The parasitic classes triumphantly look down on the productive capitalists

Until Friday The Economist has an online debate going, ‘the global elite serves the masses’. I have had a little look around and the moderator’s remarks are quite a good, quick overview. Peter Saunders was the guest contributor and his comments have left me wanting to respond.

Not that there is much blame to be attached to the operations of global capitalism, which has done more for human freedom, dignity and comfort in the time since Marx was writing than any number of politicians or grandstanding celebrities with their megaphones and placards. […]

Global capitalism has made it possible for people to survive for longer than ever before. […] Global capitalism has also released much of humanity from the crushing burden of physical labour. […] Global capitalism has even helped undermine tyrannies and dictatorships.

Is it global capitalism itself that has had the agency to do these things?

So why are we even having this debate? The explanation is that the capitalist elite are being seriously challenged by the cultural elite (otherwise known as the “chattering classes”). […]

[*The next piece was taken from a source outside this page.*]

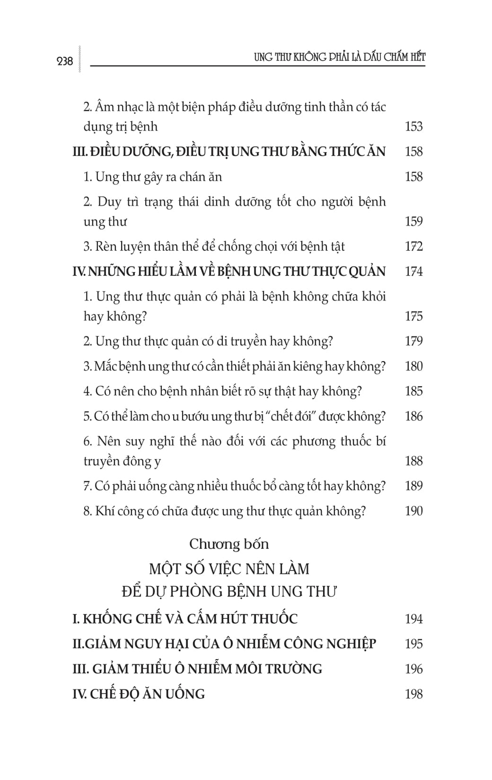 Bộ sách Ung thư không phải là dấu chấm hết gồm 5 quyển. Mỗi quyển là một sự tìm hiểu mỗi chứng bệnh ung thư khác nhau: Gan, Phổi, Thực quản, Đại tràng, tuyến vú;

Despite their belief in their own moral superiority, the people who attack the wealth-generating capitalists are themselves part of a different, but equally privileged, elite. The source of their power is not money; it is their occupancy of key positions in the state, the educational system and the media. Eighty years ago, an Italian Marxist, Antonio Gramsci, turned Marxist theory on its head by arguing that capitalism would be defeated, not by seizing control of the banks, offices and factories, but by dominating the culture, the production of ideas. He called on his followers to begin a “long march” through the cultural institutions of modern societies, and that is exactly what they have done. What we are witnessing today is the result: a struggle for power between two competing elites, one productive yet cowed, and the other parasitic yet triumphalist.

As a postgraduate student I am hardly a neutral observer, so it is probably rather predictable that I am puzzling over how it is that people in the educational system are not productive. Is it only those people who are marketing things for sale that are productive? Surely many of the successes that Saunders credits to global capitalism would not have been possible without political will, education, research and popular awareness?